Rachel Schwartz, Ph.D., has spent the past 15 years of her career working with MSW students focusing on online education and student success.

She joins the UConn School of Social Work as the new director of the MSW program and associate professor in residence. Some of her most recently published work can be viewed here. Schwartz also serves as co-chair of the Technology and Social Work Practice track with the Council on Social Work Education.

“Most recently, I have completed research that focused on the experiences of online social work students who identify as women and hold multiple roles and responsibilities.  This research found that online education provided the opportunity for these students to complete their degree because of the flexibility and access that programs provided,” she said. “However, it also raised important considerations related to gender roles and expectations around gender, finding that as women took on the role of student, their other roles as caretaker (and all associated roles within the home), and employee did not diminish.  The research found that women had to negotiate and prioritize different roles and that meeting expectations (from themselves, family, society overall) particularly around their caregiving roles often created role conflict.
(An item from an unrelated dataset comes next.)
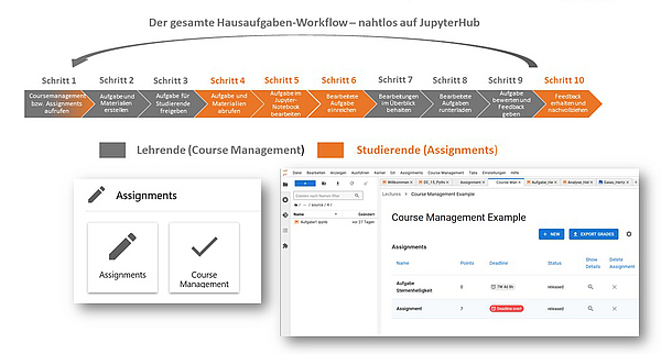 - Erstellen, verteilen, verwalten und einsammeln von Hausaufgaben und Übungen, ohne die Jupyter-Umgebung verlassen zu müssen

The findings provide recommendations for how social work programs can support students, by considering intersectional critical feminist pedagogy and practices, and applying the community of inquiry framework.”

Schwartz has noticed particularly over the last few years a shift in the social work field to virtual, as many agencies pivoted to telehealth during the pandemic.

“Many students are doing a lot of their work online and in the field and practice. We’re recognizing more and more the importance for students to gain valuable skillsets with virtual education,” she noted.

Schwartz received her Ph.D. in higher education from the Rutgers University Graduate School of Education in October 2024.  Her most recent experiences with online education included the development and management of an online and blended MSW program. She has also worked closely with faculty teaching across the MSW curriculum to provide pedagogical support and expertise in teaching as well as developing courses. Schwartz’s scholarship regularly reaches a national audience on issues related to social work education including online education, student supports, practicum education, and technology.

“The online program I previously developed grew to support many students across the country, so it’s exciting to be here at UConn to offer expertise and providing access to students to quality online and in-person social work education.  I am glad to be part of a program that offers so many different options to meet the needs of students across the state of Connecticut,” she said.